French forces, he said in a radio interview late Sunday, were now “taking care” of rear bases used by Islamists who took control of much of the north of the country last year after a military coup in the capital, Bamako. The duration of the French operation was “a question of weeks,” Mr. Fabius said, unlike, he insisted, the American-led military campaign in Afghanistan.
There were few new details on Monday about the French intervention that began on Friday and continued over the weekend. French airstrikes in Mali appeared to halt an Islamist rebel advance, as West African nations authorized what they said would be a faster deployment of troops in support of the weak government.
French aircraft dropped bombs and fired rockets from helicopter gunships and jet fighters after the Islamists, who already control the north of Mali, pressed southward and overran the village of Konna, which had been the de facto line of government control.
The French struck two columns of Islamist fighters, the French Defense Ministry said. The first was in and around Konna, driving out the rebels from the village, and the second was across a river, heading south toward the southern Mali town of Ségou, north of Bamako.
On Sunday evening, French jets attacked the northern town of Gao, an insurgent stronghold.
Abdheramane Oumarou, a local counselor in Gao reached late Sunday after a day of French airstrikes, said: “We are in the best of all possible worlds. The planes have been circling Gao since five this morning. All the of the sites they targeted, they hit. The airport. The warehouses, they destroyed them. These were all sites occupied by the Islamists, and they have been totally destroyed.”
“The Islamists are in hiding. There were many dead,” he said. For the first time since the insurgents overran the town last year, “the population of Gao will sleep soundly, and will even snore.”
Britain announced late on Saturday that it would help to transport foreign troops and equipment to Mali, though would not send its own soldiers to fight. Despite a technical hitch with one of them, two British military transport planes were expected to head for Mali on Monday with equipment including French armored vehicles from a base in Normandy, the British Defense Ministry said.
“There is a very dangerous Islamist regime allied to Al Qaeda in control of the north of that country,” Prime Minister David Cameron said on Monday. “It was threatening the south of that country and we should support the action that the French have taken.”
“So we were first out of the blocks, as it were, to say to the French, ‘We’ll help you, we’ll work with you and we’ll share what intelligence we have with you and try to help you with what you are doing,’” Mr. Cameron told the BBC in a radio interview.
Mr. Fabius said the military effort had three goals: to “block the advance of the terrorists, which is done,” to restore Mali’s territorial integrity “which will take more time,” and to secure the implementation of United Nations Security Council resolutions on the Mali crisis.
“If France had not intervened,” he said, the rebels “could have reached Bamako, with appalling consequences” not only for the Malian population but also for the 6,000 French and other Western citizens living in the capital of the former French colony.

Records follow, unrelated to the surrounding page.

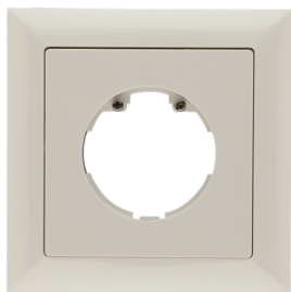
Cadre IP20 Indoor 140-L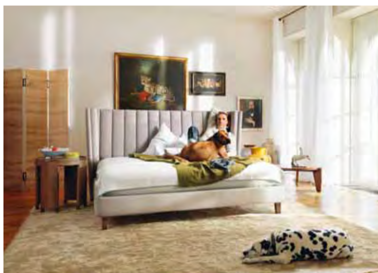
Paravent „Manhattan“, Beistelltisch „Soho“, Bett „Brooklyn“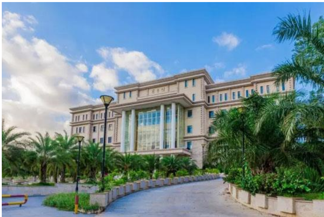
(三亚学院图书馆——海南十大生态建筑之一)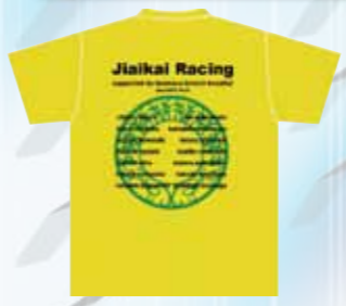
JRC Tシャツ作りました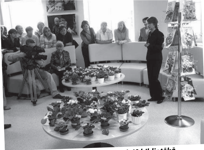
Sanpauliju izstāde Latgales Centrālajā bibliotēkā

Daugavpils bibliotēkās notika dažādi Bibliotēku nedēļas pasākumi: Latgales Centrālajā bibliotēkā bija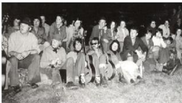
Devátý oběť SKO r. 1975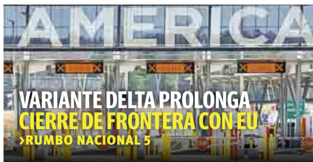
VARIANTE DELTA PROLONGA CIERRE DE FRONTERA CON EU >RUMBO NACIONAL 5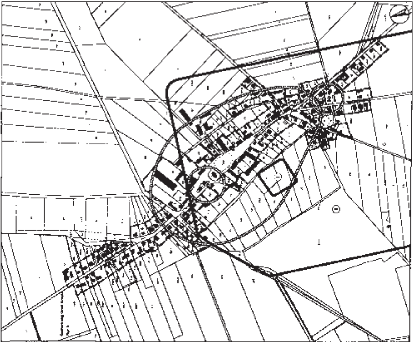
Teilzeichnung 1: Bochow Dorf (Gemarkung Bochow - Flur 2)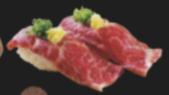
熊本産霜降り馬握り 1,000円(税込1,100円)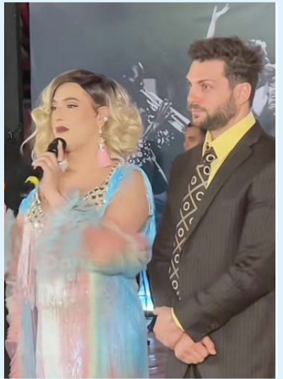
Se incorpora la actriz trans Coco Máxima, así como Nicola Porcella.

Defense Minister Jean-Yves Le Drian said Sunday that the rebels could have reached Bamako in “three or four days” if France had not intervened.
"We will strengthen our operation depending on the situation," he said on a political talk show.

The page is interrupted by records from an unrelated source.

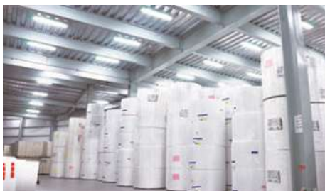
Paper Rolls Warehouse 原紙倉庫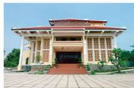
ワークショップ会場（ホイアン市博物館）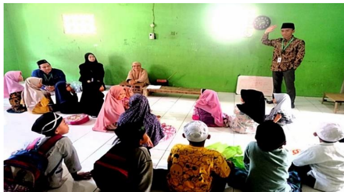
Gambar 2. Dokumentasi Kegiatan Belajar

France now has more than 400 troops in Bamako, mainly to ensure the safety of French citizens and to send a signal to the Islamists, out of a total of 550 troops in Mali. The others, including some special forces, are in the town of Mopti in the south. It has also deployed Rafale jet fighters to attack rebel positions.
“The intervention is still in progress and we will continue,” Mr. Le Drian said.
A French analyst, who is briefed on the situation but declined to be identified by name, said France believed the United States would deliver on promises of in-flight refueling the air campaign, logistical support and reconnaissance.
The analyst said the dilemma facing French forces is now whether to maintain a United Nations schedule for West African and Malian troops to seek to recapture the north in the fall after seasonal rains, “which given the current dynamic seems hard to imagine” or to “speed things up and try to clear the north in the next eight weeks” before the rainy season.
That could extend the duration of the French intervention, the analyst said.
Steven Erlanger reported from Paris, Adam Nossiter from Bamako, Mali, and Alan Cowell from London.